I don't know that "prompt maintenance" is really where my mind is at with agents + LLMs.

If the spec represents what you want, and the tests represent the spec, then that's the API to the product, like the function body is the API to other functions, what's on the inside can change or be ambiguous.

@issackelly @jacob Specs and the tests would be the prompts here; the instructions we give to a machine to do something. Whether it’s a REPL or a set of files given to agents isn’t really relevant, IMO.

I’m not especially optimistic that the industry will apply much rigor to the testing or the specs, to everyone’s detriment.

@palendae @jacob I dunno. I think specs (formal specifications) and tests (acceptance, regression, property-based, and unit, as appropriate) should _not_ be prompts, but rather barriers code should pass, human written or otherwise. The more complete and accurate they are the more likely you are to get value out of LLM code long term.

LLMs can help a skilled human write them; but humans must own the responsibility for them

"Product specs" can be llm prompts or jira tickets for engineers.

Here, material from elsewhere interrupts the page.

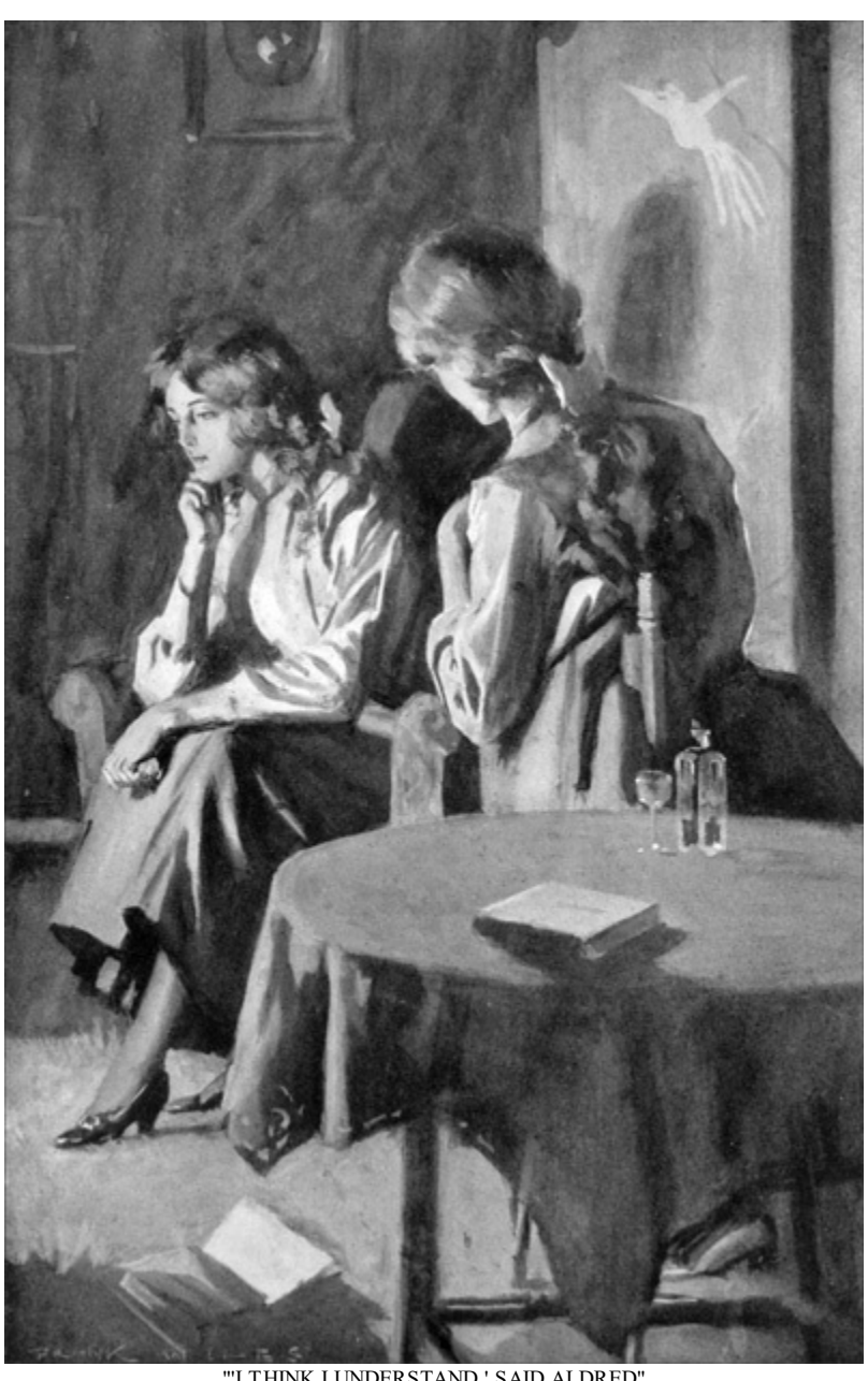
"'I THINK I UNDERSTAND,' SAID ALDRED"

"Oh, please don't! I'd rather have it last of all, if you don't mind."

@issackelly @jacob I’m curious - are the specs and enhanced tests what you’re focusing on?

Because at my current job, I’m hearing a lot of people saying this, but the emphasis (and measured outcomes) is around throwing agents at code generation and automated review without bringing the testing up at the same time.

@palendae @jacob For me, in the last ~9 months of engineering; "It depends" -- If it _is_ or _is a dependency of_ an API or security critical code, yes. Both for me and the code I review. If it's feature work, especially experiments, on top; then "wing it" has been useful.

At the moment I am not beholden to anybody but myself, so I feel like I'm sharing the bounds of what seems _right_ not what others are currently doing.

I do feel there is far too much exuberance compared to capabilities.